Миновала еще одна ночь; ослепительно засиял рассвет, и прямые лучи солнца образовали великолепную радугу далеко на западе, куда теперь отступала тяжелая туча, которая последние два часа изливала свои воды на землю.

– Эх, и что толку стараться да чистить вас! – воскликнул мистер Барни Магуайр, выставив перед совершавшим свой туалет хозяином пару «новехоньких» жокейских сапог, одну из лучших моделей марки «Хоби». Сапоги лейтенант приобрел, заехав по пути в город. Впервые попав в руки прислуги, они были столь незначительно запачканы после вчерашней прогулки верхом, что, будь Барни менее старательным, возможно, он счел бы совершенно излишним пускать в ход «Бесподобное средство Уоррена» или щавелевую кислоту.
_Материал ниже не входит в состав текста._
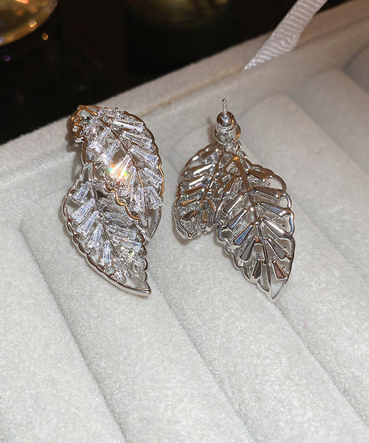 Gold Hollow Out Stud Leaf Earrings Zircon Fine Copper

Но Барни был не из таких: со всем тщанием и заботой он счистил малейшие пятнышки грязи с полированных сапог, и вот они стояли, красуясь своим черным блеском.

Неудивительно, что у мистера Магуайра защемило сердце, когда он подумал о предстоящих сегодня этим сапогам тяготам – несравнимым с легкой вчерашней прогулкой по дернистым просторам; неудивительно, что, едва за высохшим после недавнего дождя окном показалась дорога, теперь утопающая на дюйм в грязи, слуга с горестным вздохом пробормотал: «Эх, и что толку стараться да чистить вас!» – ибо доподлинно узнал в людской, что целых восемь миль непролазной грязи отделяют Таппингтон-мэнор от аббатства Болсовер, к живописным руинам которого, похожим на «Древний Рим в величии упадка»[7], собралась наведаться компания.

Хозяин его уже начал одеваться; слуга как раз прилаживал ремни к легкой паре шпор «лебединая шея», когда рука его замерла, ибо он услышал знакомый вопрос: «Барни, где мои панталоны?»

Их нигде не было!


Мистер Сифорт вышел в то утром с хлыстом в руке, одетый в красивый зеленый редингот, но вместо «бриджей и сапог в тон» на нем были мешковатые полотняные панталоны поверх коротких сапог-веллингтонов, смотревшиеся как-то нелепо, в то время как шерстяные в рубчик, присоединившись к пропавшим еще вчера, не вернулись из самоволки; жокейские сапоги взяли выходной.

– Прекрасное утро после дождя, – заметил мистер Симпкинсон из Бата.

– В самый раз для верховой езды, – сказал мистер Питерс. – Помнится, когда я был еще мальчонкой…

– Ох, да придержи ты язык, Пи, – перебила миссис Питерс.

Этот совет образцовая матрона давала «своему Пи», как она величала его, всякий раз, стоило ему явить готовность к воспоминаниям. По какой именно причине она так поступала, сказать было бы затруднительно, если только история, дошедшая до ушей миссис Ботерби, и в самом деле не была правдой, а именно: мистер Питерс, в настоящее время человек состоятельный, некогда получил образование в благотворительной школе для бедняков, а потому мог удариться в воспоминания о том, что носил мягкую шапочку с полями и кожаные штаны. Как обычно, супруг правильно воспринял намек жены и «удержался от ответа».

– Превосходный день для осмотра руин! – сказал юный Инголдсби. – Но, Чарльз, во что это вы облачились? Неужто собираетесь ехать по нашим дорогам в таком наряде?

– Душа моя! – воскликнула мисс Джулия Симпкинсон. – Разве вы не промокнете до нитки?